It is well known that when proteins aggregate, illnesses such as Alzheimer's disease, Huntington's disease, and amyotrophic lateral sclerosis arise (1). Activation of chaperone proteins can suppress diseases associated with protein misfolding (2). However, the role of chaperone proteins in the treatment of metabolic diseases such as type 2 diabetes (T2D) has been relatively understudied. We (3-5) and others (6) have been studying the role of molecular chaperone proteins in the treatment of T2D. Specifically, we have been studying the role of heat shock protein 72 (HSP72). We have identified an essential role of HSP72 in preventing obesity-induced insulin resistance, using both loss of function and gain of function genetic mouse models and, via the use of small molecule activators of HSP72 currently in human clinical trials for T2D. This lecture will discuss these data and evaluate the clinical utility for molecules that activate molecular chaperone proteins in the treatment of obesity-related diseases.
1. Hartl, F.U., et al. Molecular chaperones in protein folding and proteostasis. Nature 475, 324-332 (2011).

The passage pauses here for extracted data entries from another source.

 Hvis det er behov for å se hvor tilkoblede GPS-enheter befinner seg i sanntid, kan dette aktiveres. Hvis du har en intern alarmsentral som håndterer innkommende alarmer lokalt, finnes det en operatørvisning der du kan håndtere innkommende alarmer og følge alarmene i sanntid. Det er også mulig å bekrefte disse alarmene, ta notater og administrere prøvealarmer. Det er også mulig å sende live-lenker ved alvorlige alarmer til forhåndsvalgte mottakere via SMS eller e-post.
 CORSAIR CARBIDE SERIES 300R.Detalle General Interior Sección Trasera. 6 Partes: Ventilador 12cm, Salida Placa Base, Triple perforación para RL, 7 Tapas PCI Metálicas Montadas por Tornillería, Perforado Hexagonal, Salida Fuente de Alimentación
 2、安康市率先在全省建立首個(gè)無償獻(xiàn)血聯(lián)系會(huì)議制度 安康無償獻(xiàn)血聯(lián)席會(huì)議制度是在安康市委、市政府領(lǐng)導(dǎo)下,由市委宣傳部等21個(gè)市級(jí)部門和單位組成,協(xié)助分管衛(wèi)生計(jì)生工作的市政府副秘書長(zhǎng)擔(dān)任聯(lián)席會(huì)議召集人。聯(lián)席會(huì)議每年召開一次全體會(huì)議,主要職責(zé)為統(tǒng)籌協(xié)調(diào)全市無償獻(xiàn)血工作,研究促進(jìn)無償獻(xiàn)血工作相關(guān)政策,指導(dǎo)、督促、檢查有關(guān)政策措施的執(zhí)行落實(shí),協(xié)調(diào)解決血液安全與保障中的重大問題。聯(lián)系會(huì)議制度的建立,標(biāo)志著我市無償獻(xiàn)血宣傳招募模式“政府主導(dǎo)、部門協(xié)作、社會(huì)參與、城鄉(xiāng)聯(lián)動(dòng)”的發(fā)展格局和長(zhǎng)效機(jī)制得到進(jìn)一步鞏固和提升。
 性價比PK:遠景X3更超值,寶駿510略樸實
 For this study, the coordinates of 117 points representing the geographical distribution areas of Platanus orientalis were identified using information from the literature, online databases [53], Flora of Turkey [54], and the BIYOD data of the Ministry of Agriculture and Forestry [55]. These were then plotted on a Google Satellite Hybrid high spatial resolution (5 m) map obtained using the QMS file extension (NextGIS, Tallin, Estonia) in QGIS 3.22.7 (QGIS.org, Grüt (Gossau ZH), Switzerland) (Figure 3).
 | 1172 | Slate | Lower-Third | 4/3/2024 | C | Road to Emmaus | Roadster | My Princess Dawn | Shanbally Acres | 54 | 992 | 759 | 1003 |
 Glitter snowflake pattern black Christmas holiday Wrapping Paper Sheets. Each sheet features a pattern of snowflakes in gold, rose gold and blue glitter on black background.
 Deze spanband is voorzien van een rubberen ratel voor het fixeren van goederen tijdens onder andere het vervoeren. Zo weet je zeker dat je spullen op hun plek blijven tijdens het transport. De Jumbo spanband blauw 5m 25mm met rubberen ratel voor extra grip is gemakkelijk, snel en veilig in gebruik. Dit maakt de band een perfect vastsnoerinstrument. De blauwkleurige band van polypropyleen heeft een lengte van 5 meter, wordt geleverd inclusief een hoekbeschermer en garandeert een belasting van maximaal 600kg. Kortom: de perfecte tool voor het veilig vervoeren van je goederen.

2. Hoshino, T., et al. Suppression of Alzheimer's disease-related phenotypes by expression of heat shock protein 70 in mice. J Neurosci. 31:5225-5234 (2011).

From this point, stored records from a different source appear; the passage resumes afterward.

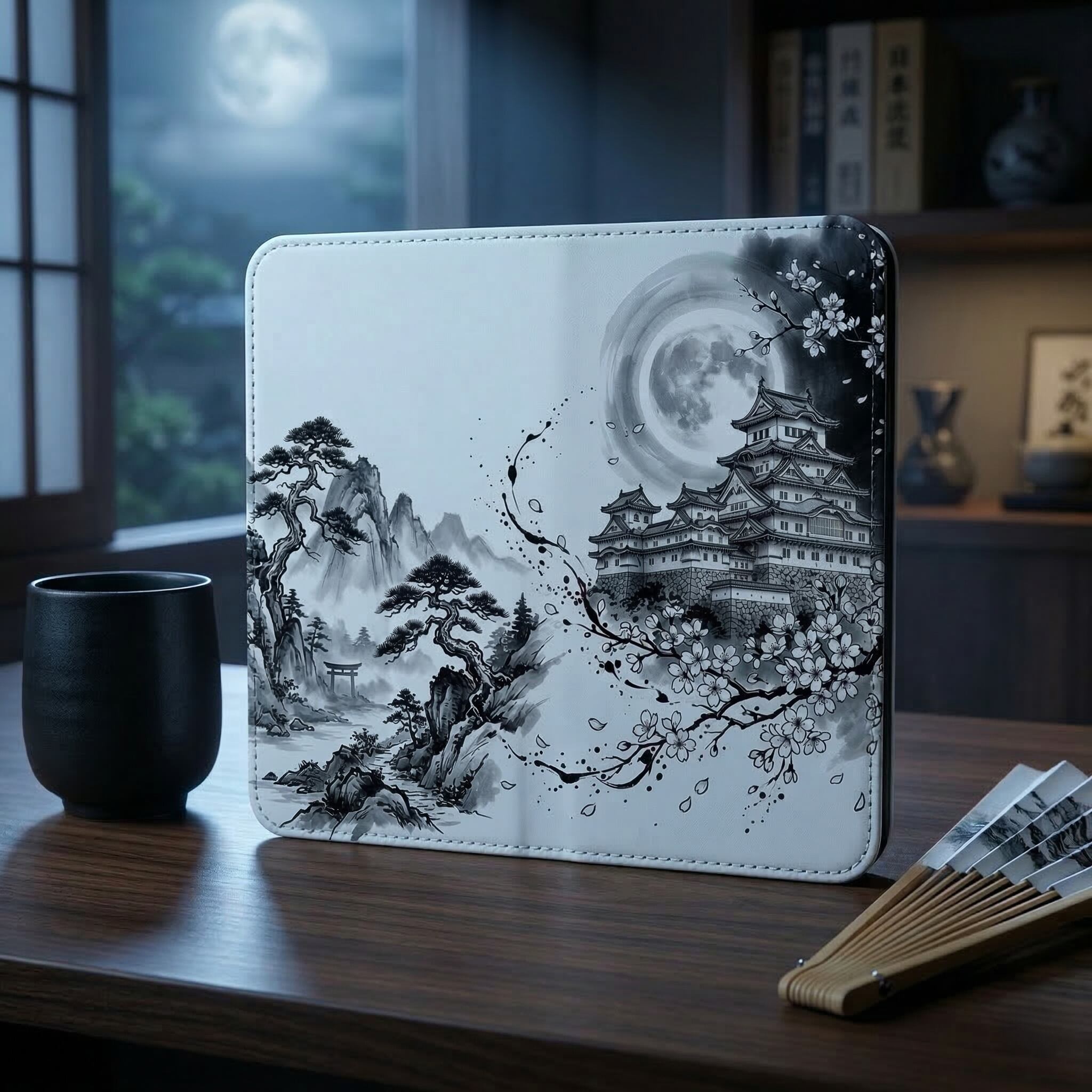 Step into a world of historical romance with this exquisite Sumi-e (Japanese ink wash painting) design. Featuring a majestic traditional castle illuminated by a full moon and surrounded by gently falling cherry blossoms, this artwork captures the profound beauty and serenity of ancient Japan. Blending classic aesthetics with modern minimalism, it brings a touch of refined "Iki" (chic) to the palm of your hand, perfect for history enthusiasts and lovers of Japanese culture.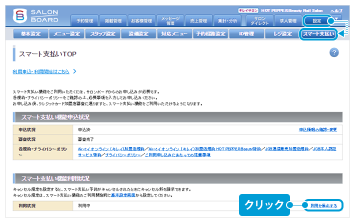 利用を停止すると、即時にスマート支払い予約の新規受け付けが停止されます。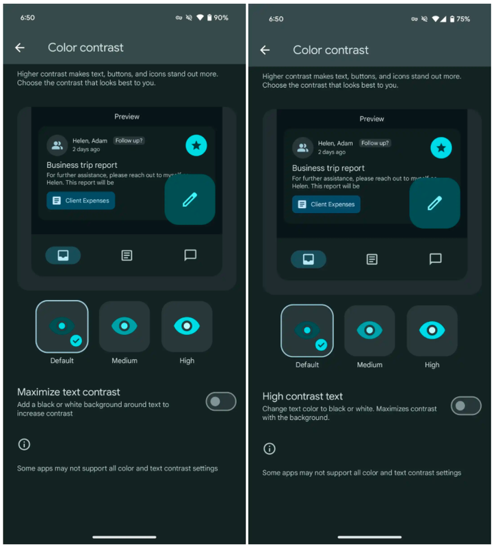 Deweloperzy zmienili element Maksymalizuj kontrast tekstu na Tekst o wysokim kontraście.

3. Chung, J., et al. HSP72 protects against obesity-induced insulin resistance. Proc Natl Acad Sci U S A 105, 1739-1744 (2008).
4. Bruce, C.R., et al. Intramuscular heat shock protein 72 and heme oxygenase-1 mRNA are reduced in patients with type 2 diabetes: evidence that insulin resistance is associated with a disturbed antioxidant defense mechanism. Diabetes 52, 2338-2345 (2003).
5. Crul T,. et al. Hydroximic acid derivatives: Pleiotropic HSP co-inducers restoring homeostasis and robustness. Curr Pharm Des 19: 309-346 (2013).
6. Ozcan, U., et al. Chemical chaperones reduce ER stress and restore glucose homeostasis in a mouse model of type 2 diabetes. Science 313, 1137-1140 (2006).